(Provided data Opens)

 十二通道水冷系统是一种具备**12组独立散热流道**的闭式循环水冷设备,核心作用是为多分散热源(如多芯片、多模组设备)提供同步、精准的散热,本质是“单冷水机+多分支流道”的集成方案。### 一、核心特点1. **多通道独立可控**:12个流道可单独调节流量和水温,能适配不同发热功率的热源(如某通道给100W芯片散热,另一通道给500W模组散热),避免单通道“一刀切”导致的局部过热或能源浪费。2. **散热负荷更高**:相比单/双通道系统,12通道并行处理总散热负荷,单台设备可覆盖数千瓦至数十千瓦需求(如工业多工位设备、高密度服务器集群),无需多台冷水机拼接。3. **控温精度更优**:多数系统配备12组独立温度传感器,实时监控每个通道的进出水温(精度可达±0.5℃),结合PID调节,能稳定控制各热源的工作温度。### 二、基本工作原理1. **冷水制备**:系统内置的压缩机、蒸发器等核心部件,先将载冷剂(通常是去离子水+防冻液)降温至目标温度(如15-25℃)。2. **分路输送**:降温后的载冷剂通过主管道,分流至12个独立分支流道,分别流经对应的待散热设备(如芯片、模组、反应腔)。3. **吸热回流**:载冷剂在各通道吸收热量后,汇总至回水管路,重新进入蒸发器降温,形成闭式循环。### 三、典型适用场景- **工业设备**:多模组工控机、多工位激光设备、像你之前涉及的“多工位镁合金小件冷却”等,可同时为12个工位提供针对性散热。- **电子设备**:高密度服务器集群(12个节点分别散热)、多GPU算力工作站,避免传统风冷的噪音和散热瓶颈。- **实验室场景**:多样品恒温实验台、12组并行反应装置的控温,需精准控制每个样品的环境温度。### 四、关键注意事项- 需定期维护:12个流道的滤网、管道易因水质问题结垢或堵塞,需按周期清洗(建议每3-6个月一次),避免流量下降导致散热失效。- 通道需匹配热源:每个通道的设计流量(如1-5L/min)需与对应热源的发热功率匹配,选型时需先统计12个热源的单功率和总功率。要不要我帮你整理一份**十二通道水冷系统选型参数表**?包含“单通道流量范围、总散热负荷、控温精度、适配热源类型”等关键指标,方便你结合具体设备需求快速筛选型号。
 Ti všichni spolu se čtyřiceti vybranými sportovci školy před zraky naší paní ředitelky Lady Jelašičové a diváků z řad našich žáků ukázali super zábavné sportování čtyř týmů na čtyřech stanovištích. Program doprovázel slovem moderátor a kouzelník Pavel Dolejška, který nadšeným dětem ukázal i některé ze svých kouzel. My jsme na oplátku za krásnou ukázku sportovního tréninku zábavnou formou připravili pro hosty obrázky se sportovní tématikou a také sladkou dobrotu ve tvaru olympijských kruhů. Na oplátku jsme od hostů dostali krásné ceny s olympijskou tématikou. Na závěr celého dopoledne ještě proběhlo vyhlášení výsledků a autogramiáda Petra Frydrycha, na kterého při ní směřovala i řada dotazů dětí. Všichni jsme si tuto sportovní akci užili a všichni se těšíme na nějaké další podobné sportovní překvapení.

(Provided data Closes)
(Provided data Opens)

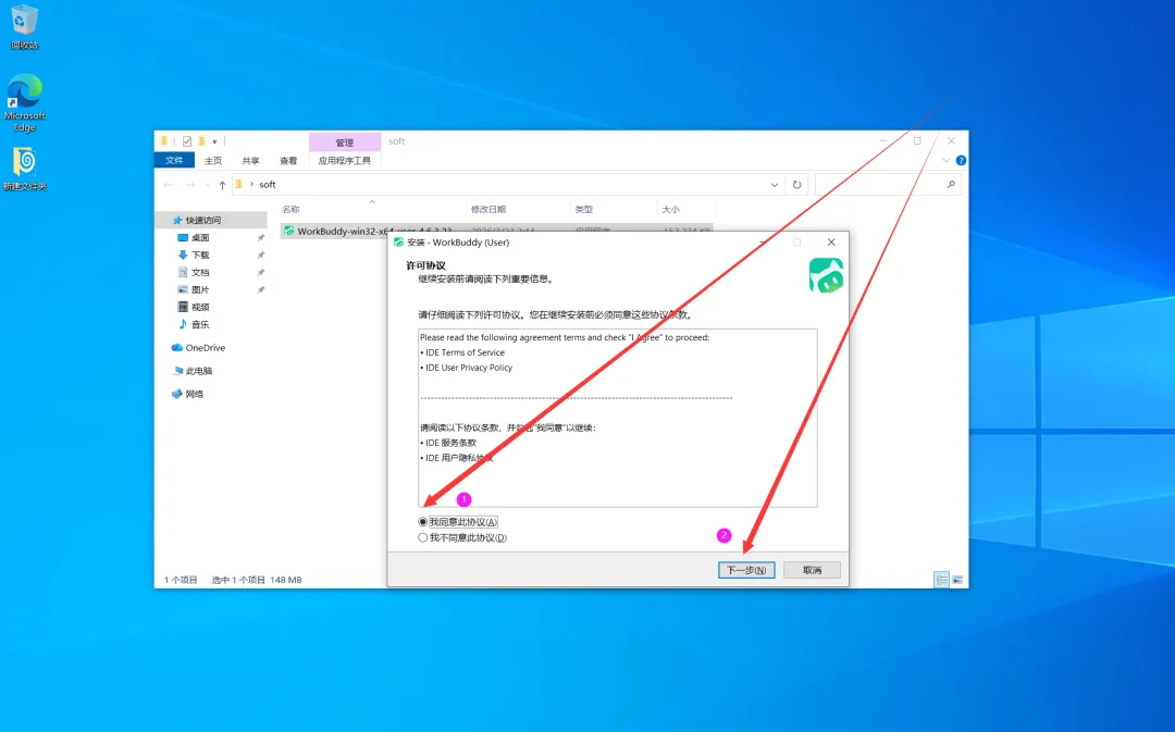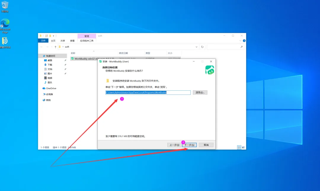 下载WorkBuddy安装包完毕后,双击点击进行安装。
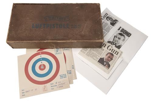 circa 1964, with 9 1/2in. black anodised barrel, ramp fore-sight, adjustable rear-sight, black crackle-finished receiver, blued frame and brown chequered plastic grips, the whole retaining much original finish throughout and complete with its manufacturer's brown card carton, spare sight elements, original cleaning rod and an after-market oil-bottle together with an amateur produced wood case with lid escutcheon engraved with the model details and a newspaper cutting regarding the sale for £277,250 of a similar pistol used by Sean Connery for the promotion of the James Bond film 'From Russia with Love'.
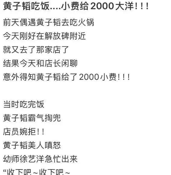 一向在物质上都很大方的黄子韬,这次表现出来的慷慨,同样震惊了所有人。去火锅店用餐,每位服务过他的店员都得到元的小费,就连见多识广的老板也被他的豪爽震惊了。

(Provided data Closes)
(Provided data Opens)

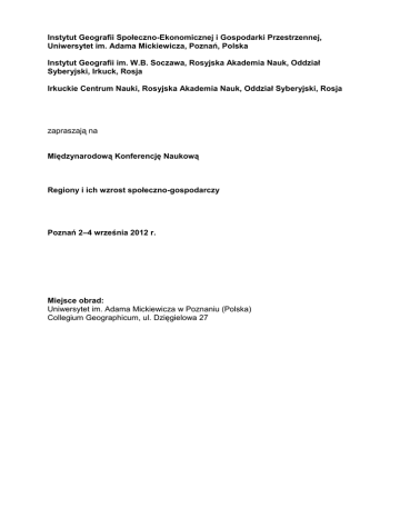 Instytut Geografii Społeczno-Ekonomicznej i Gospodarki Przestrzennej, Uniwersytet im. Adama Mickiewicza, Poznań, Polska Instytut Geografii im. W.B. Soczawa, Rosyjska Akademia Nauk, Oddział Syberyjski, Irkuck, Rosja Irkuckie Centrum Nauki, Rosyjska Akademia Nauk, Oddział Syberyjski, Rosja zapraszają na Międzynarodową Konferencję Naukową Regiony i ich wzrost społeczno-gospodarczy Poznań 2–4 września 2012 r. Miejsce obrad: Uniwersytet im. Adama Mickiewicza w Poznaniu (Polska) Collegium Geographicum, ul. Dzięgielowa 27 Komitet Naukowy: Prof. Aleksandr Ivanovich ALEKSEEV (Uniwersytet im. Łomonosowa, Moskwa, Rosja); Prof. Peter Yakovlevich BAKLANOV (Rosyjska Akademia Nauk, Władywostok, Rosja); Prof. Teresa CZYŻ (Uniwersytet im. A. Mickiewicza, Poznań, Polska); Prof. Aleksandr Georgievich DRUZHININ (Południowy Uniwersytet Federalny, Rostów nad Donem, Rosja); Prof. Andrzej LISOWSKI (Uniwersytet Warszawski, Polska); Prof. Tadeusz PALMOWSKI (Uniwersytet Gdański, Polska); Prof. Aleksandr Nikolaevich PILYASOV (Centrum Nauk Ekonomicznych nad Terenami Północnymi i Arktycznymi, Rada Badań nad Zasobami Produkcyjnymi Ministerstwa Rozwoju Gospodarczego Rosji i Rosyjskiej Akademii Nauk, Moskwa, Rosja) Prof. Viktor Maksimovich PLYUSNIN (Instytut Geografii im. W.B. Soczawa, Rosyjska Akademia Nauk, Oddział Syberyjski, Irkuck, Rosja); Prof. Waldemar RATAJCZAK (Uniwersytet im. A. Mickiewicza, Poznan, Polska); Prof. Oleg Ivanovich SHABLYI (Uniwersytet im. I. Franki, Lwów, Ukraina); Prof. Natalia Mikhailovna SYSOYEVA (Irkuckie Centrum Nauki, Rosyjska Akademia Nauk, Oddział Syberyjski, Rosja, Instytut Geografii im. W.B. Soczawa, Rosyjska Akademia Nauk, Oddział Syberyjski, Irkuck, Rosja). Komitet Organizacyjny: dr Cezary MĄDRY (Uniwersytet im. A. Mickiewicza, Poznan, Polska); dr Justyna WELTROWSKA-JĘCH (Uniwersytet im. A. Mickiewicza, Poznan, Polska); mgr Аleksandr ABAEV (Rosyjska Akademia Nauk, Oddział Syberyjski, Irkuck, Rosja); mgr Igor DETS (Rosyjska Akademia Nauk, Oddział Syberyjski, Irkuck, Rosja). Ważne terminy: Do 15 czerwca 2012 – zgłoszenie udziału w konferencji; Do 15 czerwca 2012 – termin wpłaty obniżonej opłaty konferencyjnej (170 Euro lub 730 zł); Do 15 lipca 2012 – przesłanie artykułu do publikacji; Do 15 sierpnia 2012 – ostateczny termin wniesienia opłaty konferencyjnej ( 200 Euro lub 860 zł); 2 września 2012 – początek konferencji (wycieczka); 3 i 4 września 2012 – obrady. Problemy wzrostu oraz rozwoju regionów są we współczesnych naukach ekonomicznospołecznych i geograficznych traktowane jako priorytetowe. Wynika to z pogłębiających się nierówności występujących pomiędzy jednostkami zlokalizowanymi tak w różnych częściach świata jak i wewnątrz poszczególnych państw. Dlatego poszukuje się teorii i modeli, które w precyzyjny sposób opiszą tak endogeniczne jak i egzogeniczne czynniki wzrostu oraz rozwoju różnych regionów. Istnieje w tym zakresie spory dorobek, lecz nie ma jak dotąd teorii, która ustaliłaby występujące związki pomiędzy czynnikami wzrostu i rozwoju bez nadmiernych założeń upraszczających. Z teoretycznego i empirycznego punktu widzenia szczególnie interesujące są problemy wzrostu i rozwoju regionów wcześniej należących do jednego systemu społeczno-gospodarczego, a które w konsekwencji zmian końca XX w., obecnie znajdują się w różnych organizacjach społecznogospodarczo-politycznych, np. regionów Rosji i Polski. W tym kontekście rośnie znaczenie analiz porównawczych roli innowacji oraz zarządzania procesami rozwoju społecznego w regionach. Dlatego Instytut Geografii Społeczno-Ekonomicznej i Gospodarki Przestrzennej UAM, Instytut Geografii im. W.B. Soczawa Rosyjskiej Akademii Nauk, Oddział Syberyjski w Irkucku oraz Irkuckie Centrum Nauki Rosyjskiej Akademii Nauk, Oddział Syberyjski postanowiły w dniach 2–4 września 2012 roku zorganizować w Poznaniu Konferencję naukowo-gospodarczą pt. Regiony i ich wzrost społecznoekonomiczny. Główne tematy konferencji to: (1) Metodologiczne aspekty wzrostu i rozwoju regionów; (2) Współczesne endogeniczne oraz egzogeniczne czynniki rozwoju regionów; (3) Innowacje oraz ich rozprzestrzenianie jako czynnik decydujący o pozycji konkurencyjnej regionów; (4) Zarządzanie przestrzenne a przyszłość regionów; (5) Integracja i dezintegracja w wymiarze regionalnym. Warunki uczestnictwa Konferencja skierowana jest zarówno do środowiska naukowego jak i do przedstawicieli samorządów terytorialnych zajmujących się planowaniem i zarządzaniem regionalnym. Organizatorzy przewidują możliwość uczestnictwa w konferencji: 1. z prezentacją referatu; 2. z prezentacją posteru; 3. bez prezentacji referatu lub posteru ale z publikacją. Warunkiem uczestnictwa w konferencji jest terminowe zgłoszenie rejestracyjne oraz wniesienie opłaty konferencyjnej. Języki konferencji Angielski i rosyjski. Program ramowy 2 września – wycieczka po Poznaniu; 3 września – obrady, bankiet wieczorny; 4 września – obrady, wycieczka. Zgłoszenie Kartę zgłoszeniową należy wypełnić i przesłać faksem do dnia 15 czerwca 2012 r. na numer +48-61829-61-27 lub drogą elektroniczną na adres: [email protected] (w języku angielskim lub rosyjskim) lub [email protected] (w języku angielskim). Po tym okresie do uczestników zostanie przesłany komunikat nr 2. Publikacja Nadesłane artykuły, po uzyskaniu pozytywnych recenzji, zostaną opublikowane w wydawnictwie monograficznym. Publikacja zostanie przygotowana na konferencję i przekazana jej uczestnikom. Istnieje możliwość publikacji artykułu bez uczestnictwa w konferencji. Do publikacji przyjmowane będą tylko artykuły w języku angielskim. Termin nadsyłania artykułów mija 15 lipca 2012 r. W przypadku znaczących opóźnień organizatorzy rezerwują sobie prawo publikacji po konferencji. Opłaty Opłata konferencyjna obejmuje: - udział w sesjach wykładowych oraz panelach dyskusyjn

(Provided data Closes)

> [Work to be completed]: For the material above, give again only the lines starting at the line that contains "circa 1964, with" and ending at the line that contains "一向在物质上都很大方的黄子韬". Pictures do not belong in the copy.

> [Answer to this exercise]:
 circa 1964, with 9 1/2in. black anodised barrel, ramp fore-sight, adjustable rear-sight, black crackle-finished receiver, blued frame and brown chequered plastic grips, the whole retaining much original finish throughout and complete with its manufacturer's brown card carton, spare sight elements, original cleaning rod and an after-market oil-bottle together with an amateur produced wood case with lid escutcheon engraved with the model details and a newspaper cutting regarding the sale for £277,250 of a similar pistol used by Sean Connery for the promotion of the James Bond film 'From Russia with Love'.
 一向在物质上都很大方的黄子韬,这次表现出来的慷慨,同样震惊了所有人。去火锅店用餐,每位服务过他的店员都得到元的小费,就连见多识广的老板也被他的豪爽震惊了。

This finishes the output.